┌──

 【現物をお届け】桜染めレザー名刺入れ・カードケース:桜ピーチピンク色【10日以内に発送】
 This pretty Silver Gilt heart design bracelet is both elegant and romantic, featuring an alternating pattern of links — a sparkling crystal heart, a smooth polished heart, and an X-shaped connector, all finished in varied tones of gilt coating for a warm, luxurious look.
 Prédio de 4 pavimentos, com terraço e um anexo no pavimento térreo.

└──
┌──

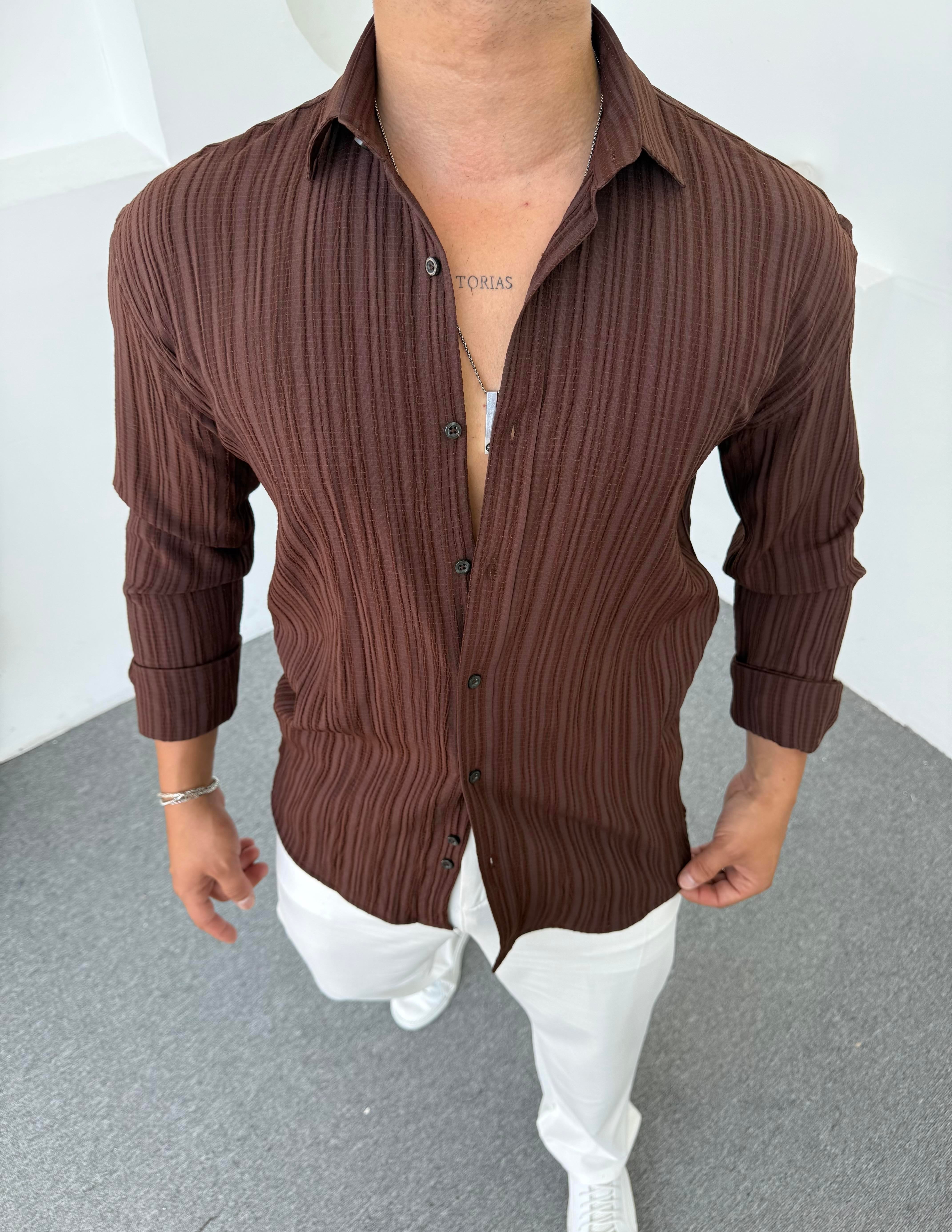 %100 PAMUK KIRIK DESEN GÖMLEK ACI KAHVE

└──

What to work on
Starting at the line above that contains "This pretty Silver", repeat each line exactly up to and including the line that contains "Prédio de 4", and stop there.

Answer below
 This pretty Silver Gilt heart design bracelet is both elegant and romantic, featuring an alternating pattern of links — a sparkling crystal heart, a smooth polished heart, and an X-shaped connector, all finished in varied tones of gilt coating for a warm, luxurious look.
 Prédio de 4 pavimentos, com terraço e um anexo no pavimento térreo.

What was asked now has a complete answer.